付き合ってもらえますか?
「ミカちゃん…苗字は?」ミカは一生懸命考えているが「すみません。分かりません。」
「何処から来たの?」「すみません。分かりません。」僕は犬のお巡りさんになった気分だ。
僕はミカちゃんの近くにあるカプセルを両手で一つずつ持ち上げた。両方のカプセルから怪しげな光が出ている。僕が覗こうとすると「あーっ!」
僕はミカちゃんとともにカプセルに吸い込まれた。
ミカちゃんと共にたどり着いたのは何処かの建物の一室だった。薄暗くて殺風景な部屋だ。
隣の部屋から少しだけ光が漏れている。
僕はミカちゃんの手を握ってドアの方へ近づいた。するとローブのような服を着た年配の女性が本を見ながら何か食べるものを作っていたようだ。
僕は恐る恐る声をかけてみた。
「すみません。ここって…」
何処ですかと聞く前に女性はミカちゃんに駆け寄り「ミカ、あんた何処に行ってたの?」と心配そうにミカちゃんを抱きしめた。
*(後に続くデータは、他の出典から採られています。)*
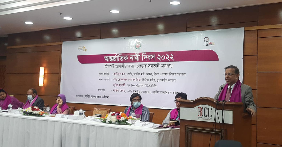 প্রধান অতিথির বক্তব্যে আইনমন্ত্রী বলেন, জেন্ডার-ইকুয়ালিটির ক্ষেত্রে অত্যন্ত তৎপর প্রধানমন্ত্রী শেখ হাসিনা। বঙ্গবন্ধু শেখ মুজিবুর রহমান তার সাড়ে তিন বছরের সেবামূলক শাসনামলে সংবিধান থেকে শুরু করে কার্যক্রমে সমতা বিষয়টি অনুসরণ করেছিলেন। কিন্তু পরবর্তী সময়ে এসব অত্যন্ত নির্মম ও দুঃখজনকভাবে বাধাগ্রস্ত হয়। বঙ্গবন্ধু কন্যা শেখ হাসিনা প্রধানমন্ত্রী হিসেবে দায়িত্ব নেওয়ার পর জেন্ডার-ইকুয়ালিটির কাজ আবার শুরু করেন। বঙ্গবন্ধুর যে নির্দেশনা বা ফাউন্ডেশন সেটার ওপরে প্রধানমন্ত্রী কাজ করে যাচ্ছেন।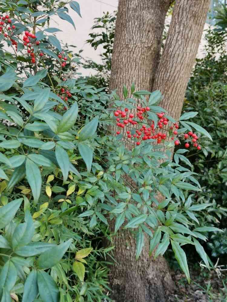 笹に隠れていた南天、笹が刈り込まれて姿を現しました😃🎵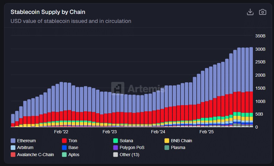 Solana , yang sebelumnya hanya memiliki porsi kecil dalam pasokan Stablecoin, kini mengalami peningkatan signifikan. Kenaikan ini sejalan dengan peningkatan volume perdagangan on-chain Solana, yang mencerminkan pergeseran preferensi pelaku pasar dari bursa terpusat ke pasar on-chain.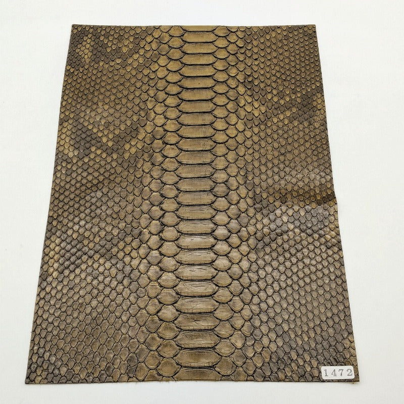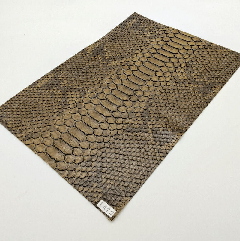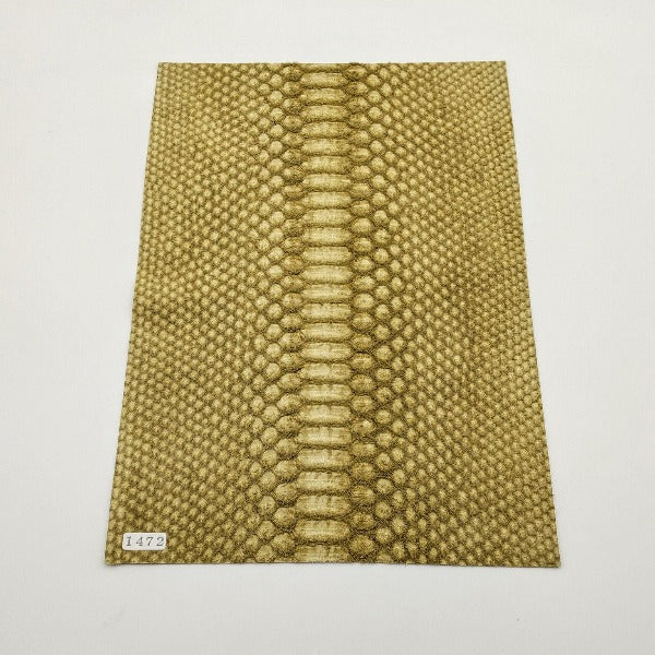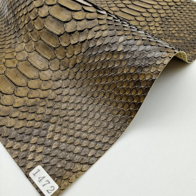 ヘビ革/Dパイソン【A4/0.6mm】カーキ/ラッセル加工/背割/Sランク/h1472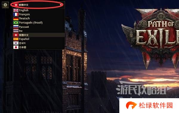 在屏幕左上角选择语言,游戏自带繁体中文。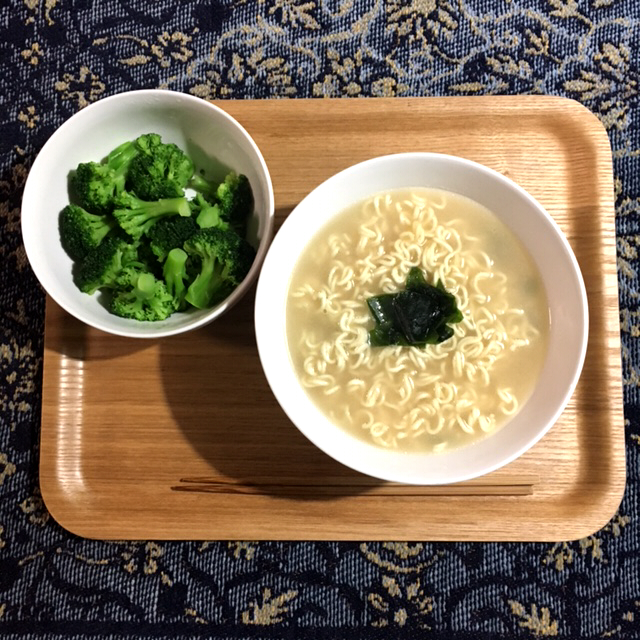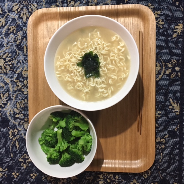 わかめラーメンとブロッコリー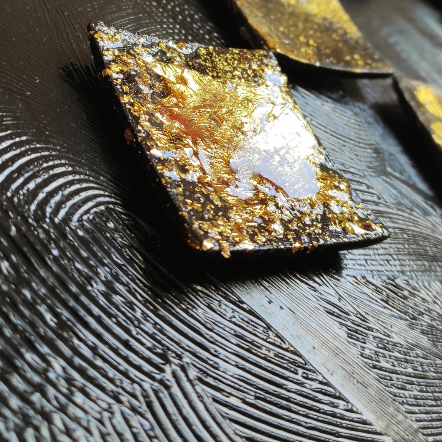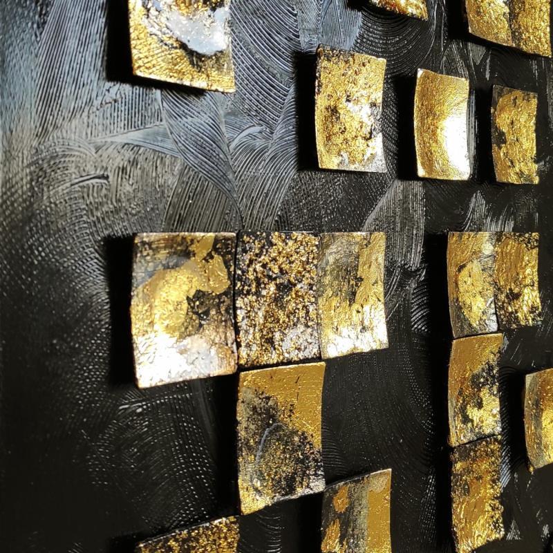 The artist used Acrylic, Wood, Gluing, Lacquer, Metal, Resin media on Dibon to create this Abstract, Large size painting.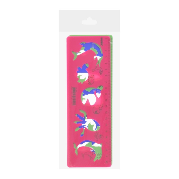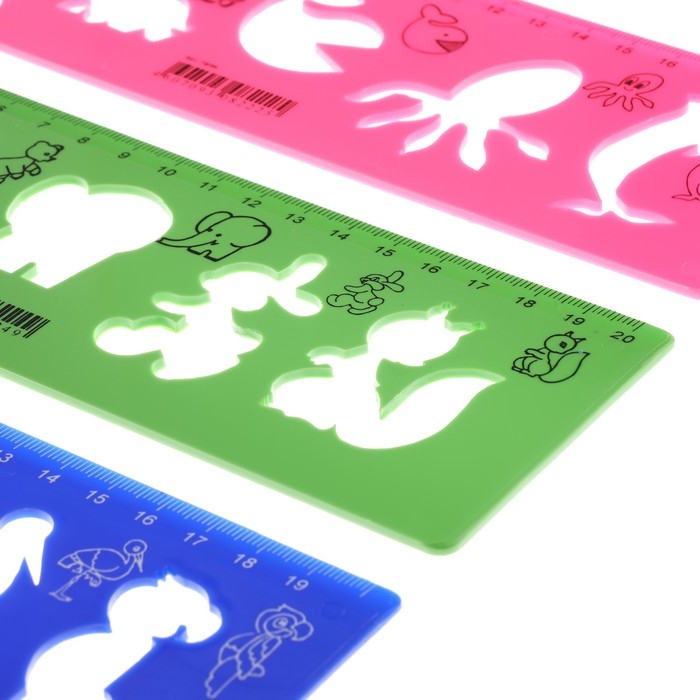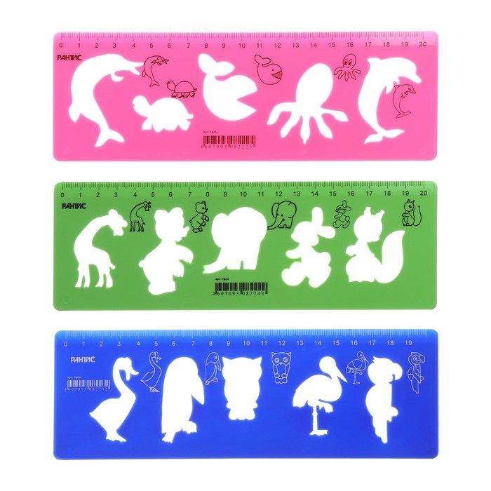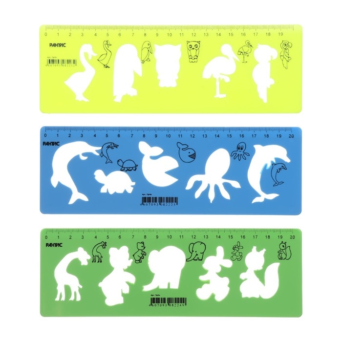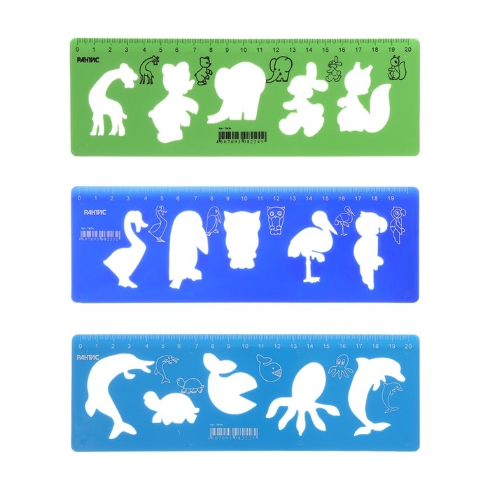 Набор трафаретов животные 3 штуки, Calligrata, + линейка 20 см, МИКС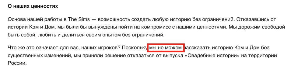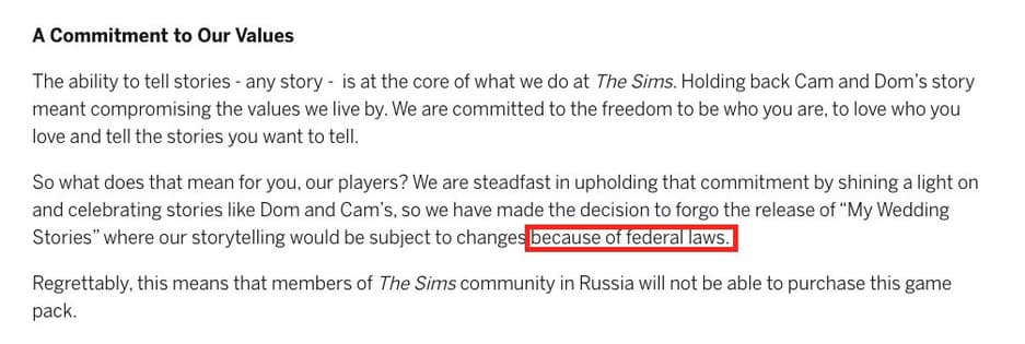 Причиной послужил отказ издательства выпускать дополнение для Sims 4 со свадебной тематикой на территории России и других стран СНГ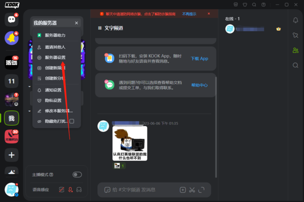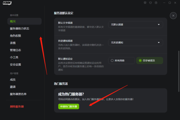 如果想要申请KOOK服务器上热门,我们要进行以下操作:

ミカちゃんは変わらずボーっとしたまま動かない。「ああ、再起動したほうが良いね。」
そう言ってミカちゃんが持っていたカプセルを女性は手に取った。
良く見ると魔法陣が上下に一つずつ描いてある。
カプセルの上の魔法陣を長押しする。
するとミカちゃんはその場に崩れ落ちるように
座りこむ。「ミ、ミカちゃん?」
女性は「あんたがミカの旦那かい?」と言った。
「旦那?い、いえ違います。ここは何処なんですか?」「何言ってんだい。グランアンジェだろ?
まさか、あんたエルドラの人かい?そういえば黒い髪だし。私は争いごとはゴメンだよ。さあ帰っておくれ。」
すいません。正直、一瞬思ってしまいました。
「はぁ?おばさん、何言ってんの?」と…
そんな話をしているとミカちゃんが立ち上がって、こっちを見た。
「あっ。ミカを助けてくれた人だ。確か…純くん。ゴメンちょっとお腹が空いちゃってて。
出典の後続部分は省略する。